Aim of the exercise
Without including any pictures, reproduce all the lines below word for word.

Recorded data
┏━━

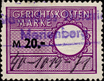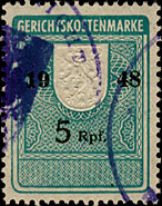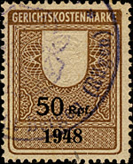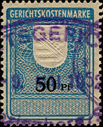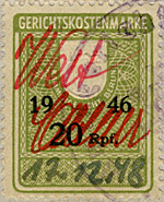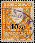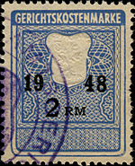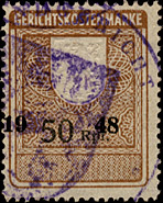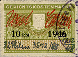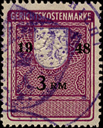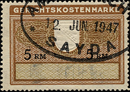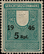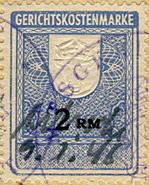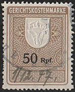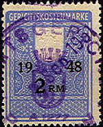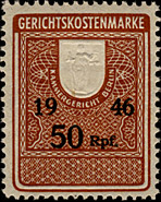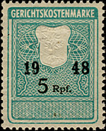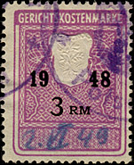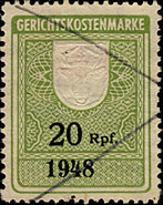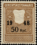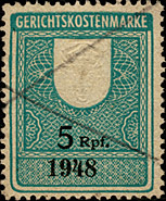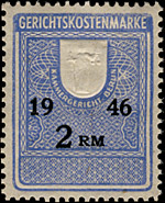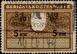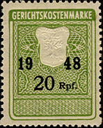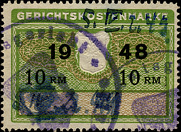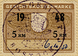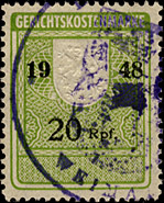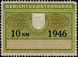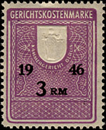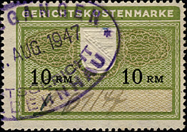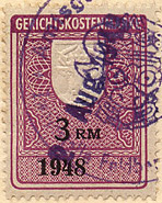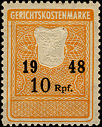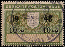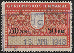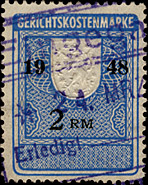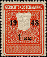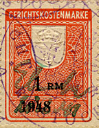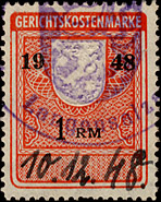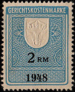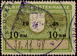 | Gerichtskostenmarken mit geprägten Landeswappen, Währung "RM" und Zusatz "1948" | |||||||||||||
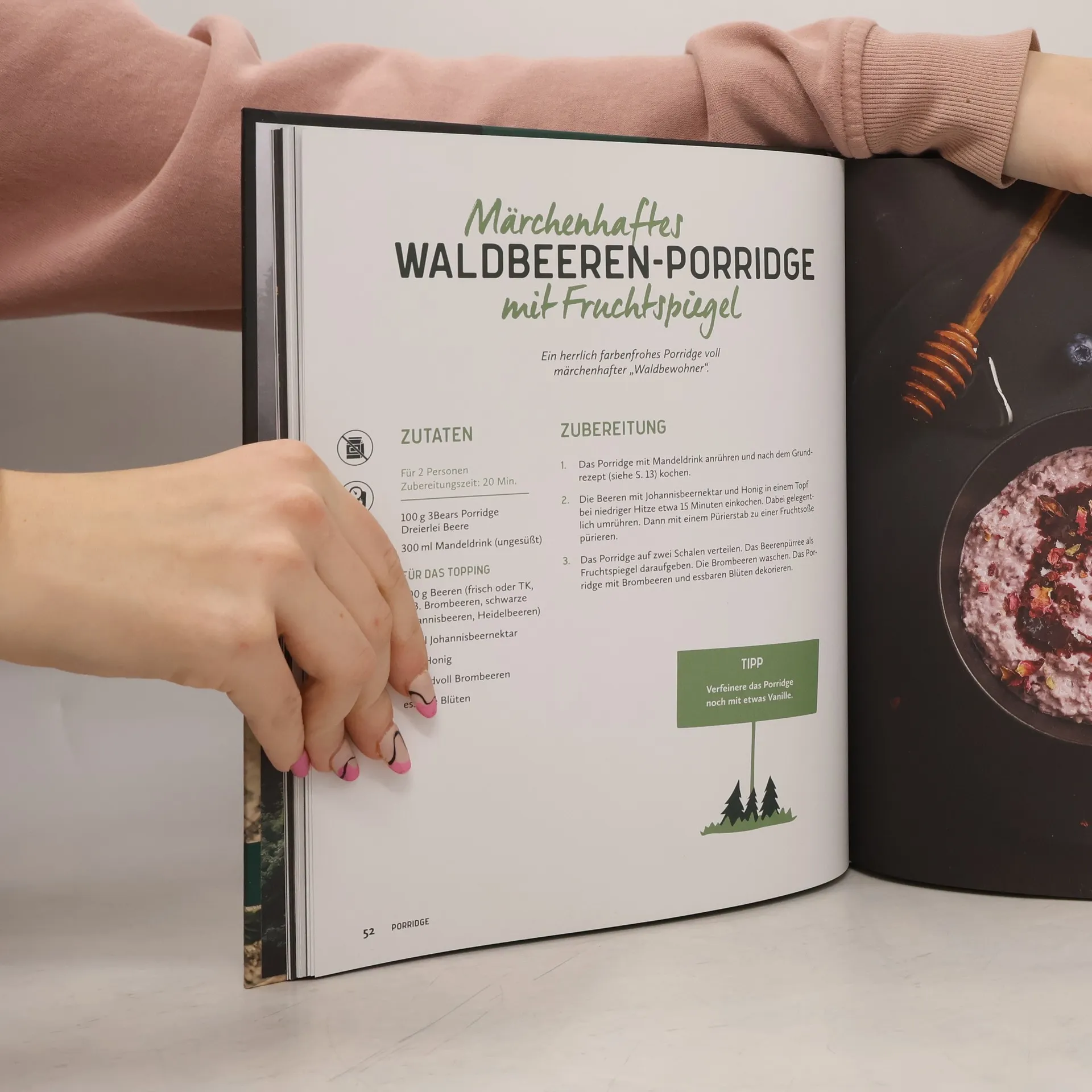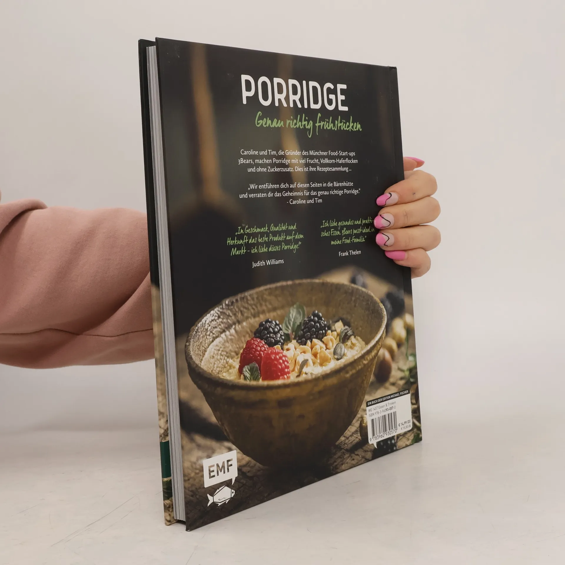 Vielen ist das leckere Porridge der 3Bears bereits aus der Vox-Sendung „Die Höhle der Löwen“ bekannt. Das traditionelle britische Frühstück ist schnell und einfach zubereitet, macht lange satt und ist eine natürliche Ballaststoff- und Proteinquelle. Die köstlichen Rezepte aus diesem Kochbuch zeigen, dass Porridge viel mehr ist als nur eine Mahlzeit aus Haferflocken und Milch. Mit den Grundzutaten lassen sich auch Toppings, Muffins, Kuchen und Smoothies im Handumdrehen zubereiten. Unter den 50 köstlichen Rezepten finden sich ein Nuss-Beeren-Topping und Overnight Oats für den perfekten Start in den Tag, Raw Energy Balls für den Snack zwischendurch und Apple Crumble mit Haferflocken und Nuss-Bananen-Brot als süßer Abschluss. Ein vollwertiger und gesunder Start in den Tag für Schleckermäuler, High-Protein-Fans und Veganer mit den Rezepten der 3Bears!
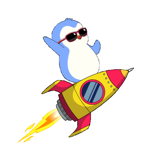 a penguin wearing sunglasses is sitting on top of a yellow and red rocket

┗━━

Exercise response
 | Gerichtskostenmarken mit geprägten Landeswappen, Währung "RM" und Zusatz "1948" | |||||||||||||
 Vielen ist das leckere Porridge der 3Bears bereits aus der Vox-Sendung „Die Höhle der Löwen“ bekannt. Das traditionelle britische Frühstück ist schnell und einfach zubereitet, macht lange satt und ist eine natürliche Ballaststoff- und Proteinquelle. Die köstlichen Rezepte aus diesem Kochbuch zeigen, dass Porridge viel mehr ist als nur eine Mahlzeit aus Haferflocken und Milch. Mit den Grundzutaten lassen sich auch Toppings, Muffins, Kuchen und Smoothies im Handumdrehen zubereiten. Unter den 50 köstlichen Rezepten finden sich ein Nuss-Beeren-Topping und Overnight Oats für den perfekten Start in den Tag, Raw Energy Balls für den Snack zwischendurch und Apple Crumble mit Haferflocken und Nuss-Bananen-Brot als süßer Abschluss. Ein vollwertiger und gesunder Start in den Tag für Schleckermäuler, High-Protein-Fans und Veganer mit den Rezepten der 3Bears!
 a penguin wearing sunglasses is sitting on top of a yellow and red rocket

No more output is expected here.